• SOURCE DATA:
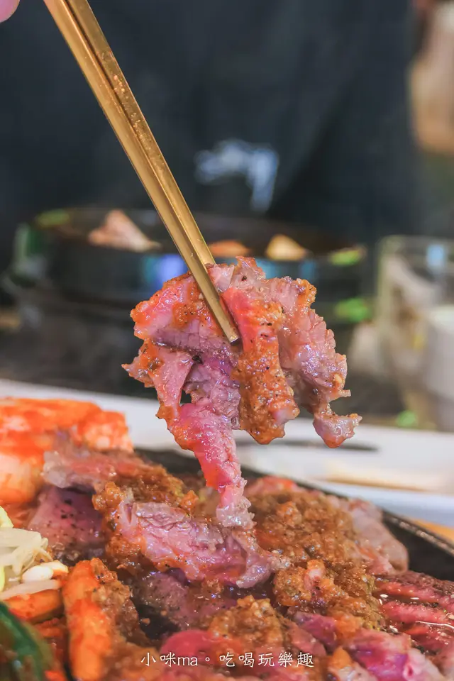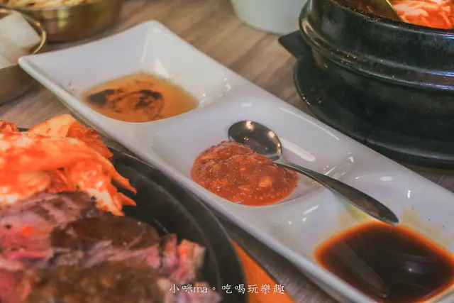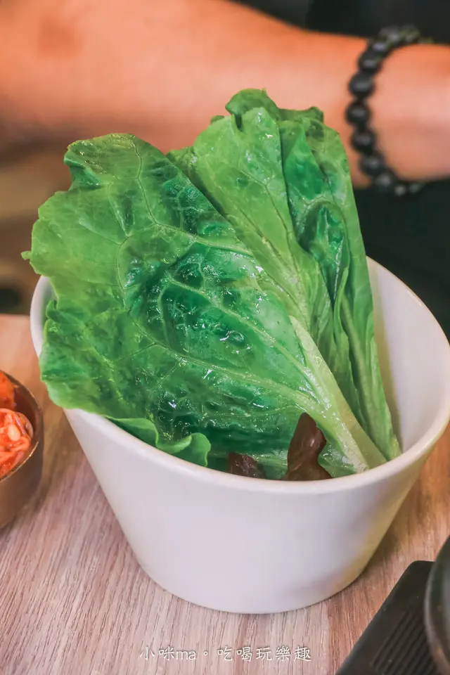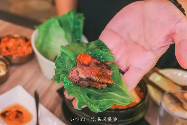 夾上韓式小菜跟一旁的辣醬,生菜清脆配上軟嫩的牛肉,真的一口接一口
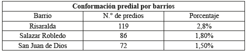 Tabla 5 Conformación predial barrios de estudio*
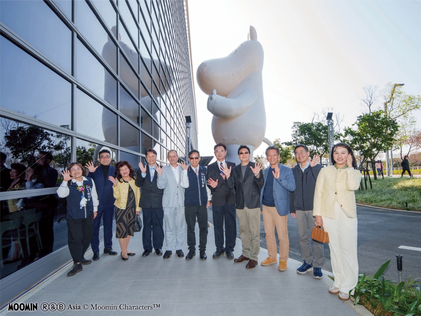 經發局長張峯源代表盧秀燕市長,與芬蘭商務辦事處副代表葉瑞及產業公會代表共同開箱。張局長表示,巨型姆明氣模最大特色,在於巧妙的視覺設計,氣模面朝會展中心建築外牆,透過大面積玻璃帷幕設計,民眾可於會展中心4樓室內空間,與「探頭張望」的姆明隔窗自拍合影,彷彿姆明正從窗外好奇地張望會展中心,創造室內外互動、遠近景結合的獨特拍照體驗,可望成為社群平台熱門打卡畫面,也讓會展中心瞬間多了許多童趣,變身最療癒的打卡新熱點。
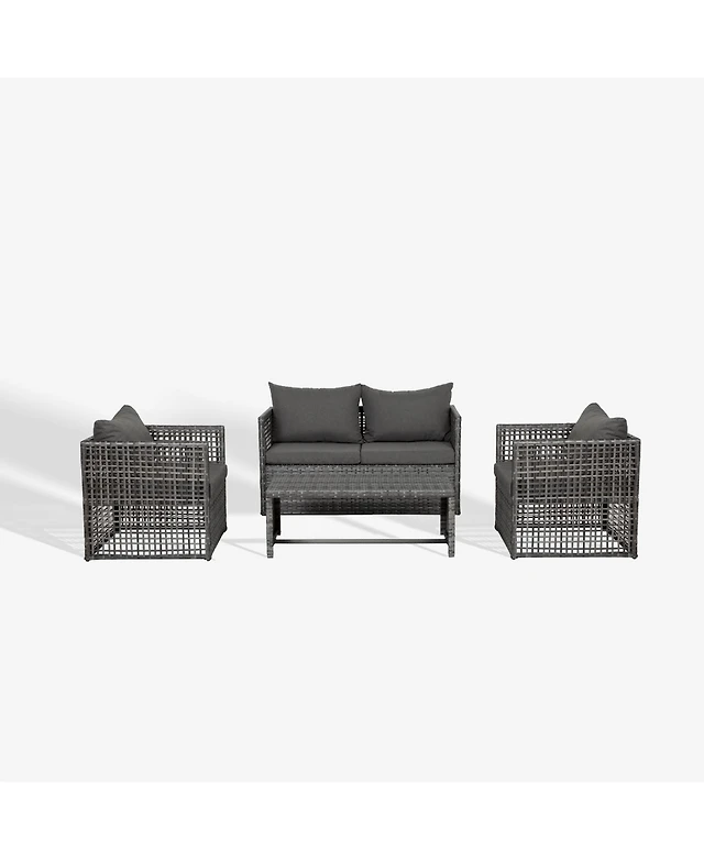 Gymax Set of 2 Pe Wicker Furniture Set Loveseat w/ Acacia Wood Coffee Table Patio
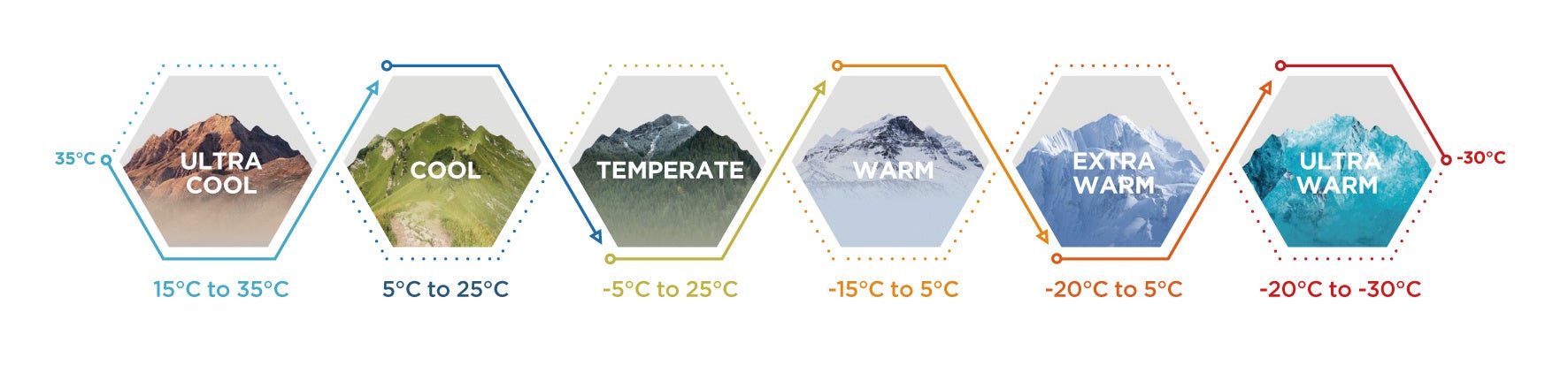 科学的な研究成果に裏付けされた、体温をコントロールするTHERM-IC THERMO TRANSFER TECHNOLOGYをベースに、これまでの厳しい雪山への対応だけでなく、夏場のトレッキングにも適した商品ラインナップに拡充いたします。具体的には、35℃から-30℃までの気温を6つに分類し、それぞれの温度域で最高のパフォーマンスを発揮する最適なギアをインソール、ソックス、ベスト、グローブといった4つの商品カテゴリでご用意しています。
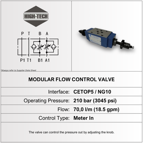 THROTTLE CHECK VALVE MODULE TYPE W INLET, CETOP 03 (NG6), MAX PRESSURE 210 BAR, FLOW 60 L/MIN, PROVIDES METER-IN CONTROL WITH CHECK FUNCTION, BRAND: PRIMEHYD
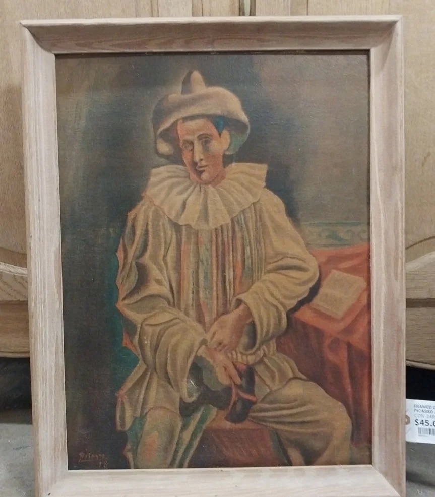 By Shelly and Bobby didn’t hang an original Picasso above Leo’s bed. Most likely, it was a low-cost reproduced print once offered in newspapers from the 1950s. This advertisement in the San Angelo Evening Standard on Feb. 18, 1959 offered readers the option to purchase a reproduced “Pierrot” for $2-$3.
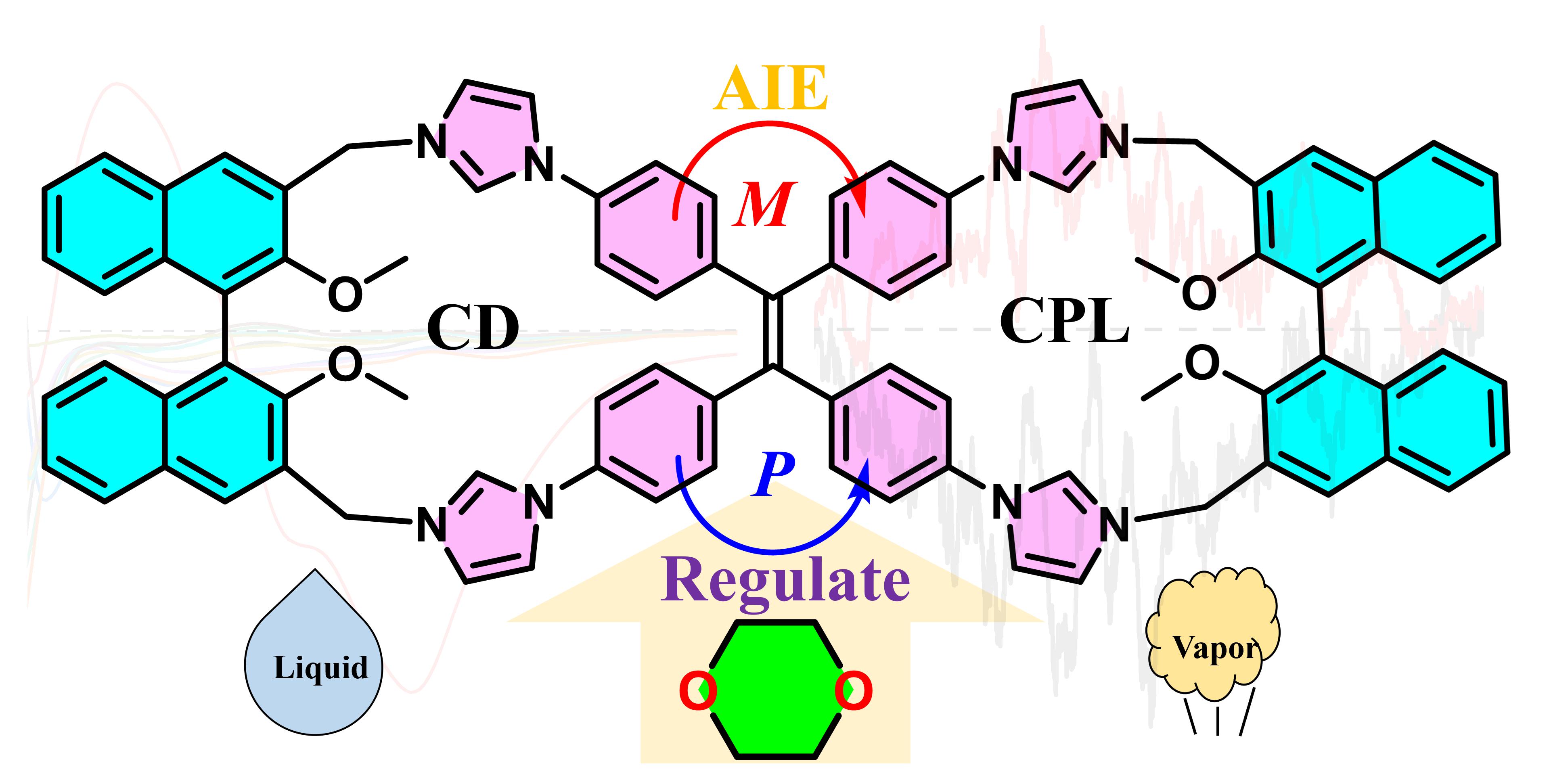 手性大环化合物因其包含手性中心元素或固有分子不对称性,已成为超分子化学和手性光物理领域的关键研究平台。这类大环化合物在对映选择性分子识别、不对称催化及圆偏振发光(CPL)材料开发等领域获得广泛应用。手性大环独特的三维拓扑结构与不对称微环境使其能够精准调控CPL行为,为高性能CPL系统提供了普适性设计策略。该领域的一个重要前沿方向是开发刺激响应型CPL材料,其中通过溶剂诱导结构重排来调控大环体系手性构型与光学输出的实例仍较为少见。在这项研究中,他们合成了一对手性咪唑盐双大环发光体(R,R)-IBM和(S,S)-IBM。二者在1,4-二氧六环中表现出显著的聚集诱导(AIE)荧光增强效应,量子产率提升6倍,并具备独特的CPL活性(|glum|=8.92×10-4)。圆二色(CD)光谱测试表明,在1,4-二氧六环/乙腈混合溶剂的聚集过程中,手性光学信号呈现分步反转现象,对应四苯乙烯(TPE)核心的构象转变(P→M→P)。X射线单晶衍射和密度泛函理论(DFT)计算进一步佐证了上述结构变化。固态下,(R,R)-IBM呈现P构型的TPE骨架,而暴露于1,4-二氧六环蒸汽后会引发CD响应反转,并进一步增强荧光效率。这种溶剂调控的可逆手性光学开关机制,为设计动态CPL活性材料提供了可靠策略,在光学数据存储、防伪技术及下一代光子器件领域展现出广阔应用前景。
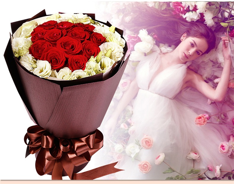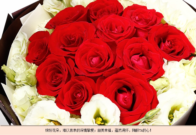 11朵红玫瑰,洋桔梗围边,精美包装纸包装
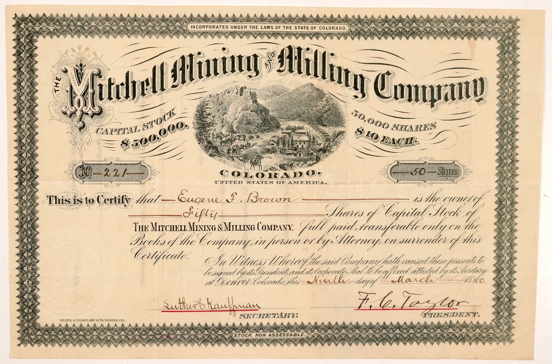 Inc. in Colorado. No. 221, issued for 50 shares to Eugene F. Brown on March 9th, 1880 in Denver. Signed by president FC Taylor and secretary Suther Kauffman. Not cancelled. Ornate black border and print, fancy title and mining vignette. Printed by Collier & Cleaveland, Denver. Folds and creases. 6.75 x 10" Not listed in Fossett or C&L. An article in E&MJ Vol. 30 (Dec. 1880) asks for an update on the status of the mine and gives its location as Gilpin County. No other info found. State: Colorado City: Gilpin County Date: 1880
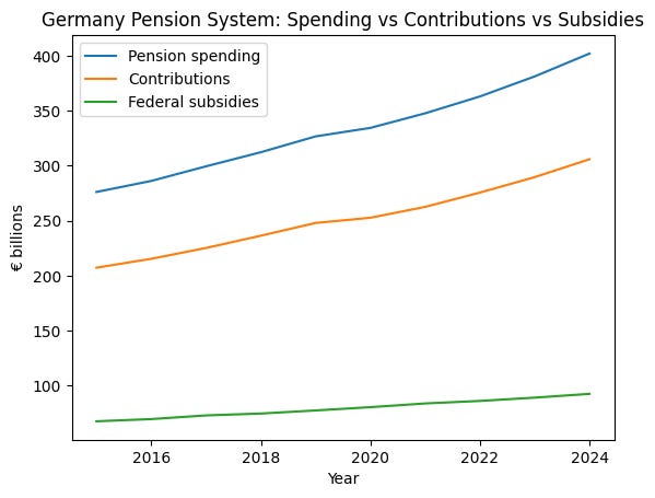 As the baby boomers retire, pension spending has surged. Total expenditure in the statutory system rose from around €276 billion in 2015 to over €400 billion in 2024. Contribution income did rise as well — from roughly €207 billion to just over €300 billion — but nowhere near enough to keep pace.
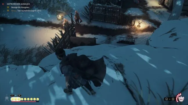 Замерзшая смотровая площадка состоит из трех уровней, которые можно проходить один за другим. Самым простым является верхний уровень, к которому вы подходите с северо-востока: Там стоит жалкий охранник, который смотрит на нижние уровни, и вы просто наносите ему удар в спину.
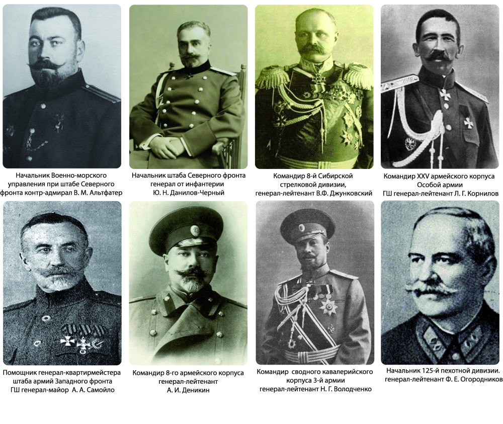 Вот так и сделали. Фальшивое отречение в условиях информационной блокады "выбивало из рук монархистов всякое оружие". Тем более, что информация шла от Лиц, которые по определению воспринимались офицерским сознанием, как носители и блюстители эталонной офицерской Чести. "Полковник Люфтваффе не может врать". Ну и в советском сознании действия этих людей, с опорой на писания февралистов, создали образ всеобъемлющего предательства вообще, а уж русский генералитет из предателей состоял практически весь. Только далеко не весь. Список генералам по старшинству Исправлен по 10-е июля 1916 г. содержит примерно тысячу фамилий русских генералов. Конечно, не все были командующими и далеко не все в действующей армии. Но предатели составляют 5%-10%. Но верхних. В течение нескольких недель из армии за "нелояльность" мазепам вышибли до полутораста старших начальников, в том числе 70 начальников пехотных и кавалерийских дивизий. Деникин и тут умудряется сделать сеанс саморазоблачения:
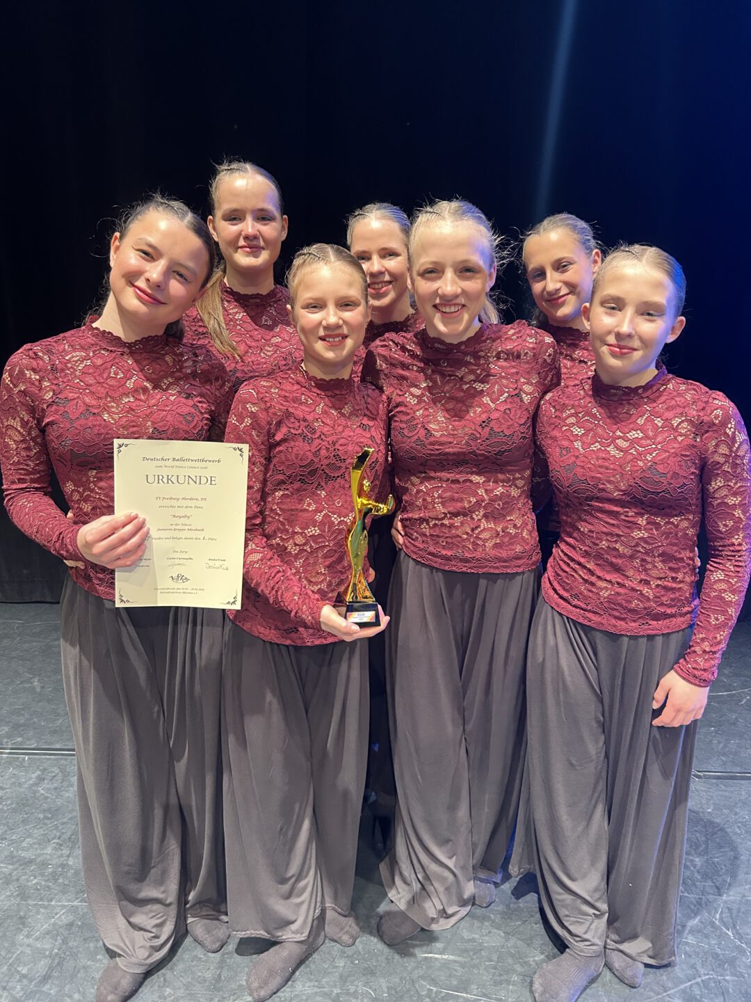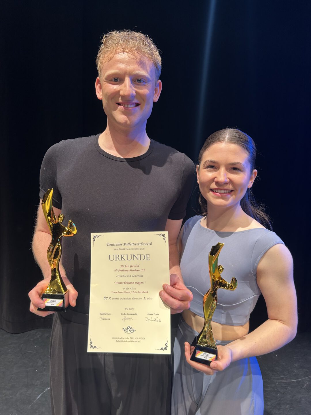Bei den Deutschen Meisterschaften im Acrobatic Dance, die am 26. März 2026 in Fürstenfeldbruck im Rahmen des Deutschen Ballettwettbewerbs stattfanden, konnten unsere Tänzerinnen und Tänzer herausragende Erfolge erzielen. Der Wettbewerb wurde vom Ballettförderkreis München e.V. ausgerichtet.

• HOW TO COMPLETE THIS TASK: Each line from the first line of the material above through the line containing "Gymax Set of" is to be reproduced exactly, with both ends kept and pictures left out.

• SOLUTION:
 夾上韓式小菜跟一旁的辣醬,生菜清脆配上軟嫩的牛肉,真的一口接一口
 Tabla 5 Conformación predial barrios de estudio*
 經發局長張峯源代表盧秀燕市長,與芬蘭商務辦事處副代表葉瑞及產業公會代表共同開箱。張局長表示,巨型姆明氣模最大特色,在於巧妙的視覺設計,氣模面朝會展中心建築外牆,透過大面積玻璃帷幕設計,民眾可於會展中心4樓室內空間,與「探頭張望」的姆明隔窗自拍合影,彷彿姆明正從窗外好奇地張望會展中心,創造室內外互動、遠近景結合的獨特拍照體驗,可望成為社群平台熱門打卡畫面,也讓會展中心瞬間多了許多童趣,變身最療癒的打卡新熱點。
 Gymax Set of 2 Pe Wicker Furniture Set Loveseat w/ Acacia Wood Coffee Table Patio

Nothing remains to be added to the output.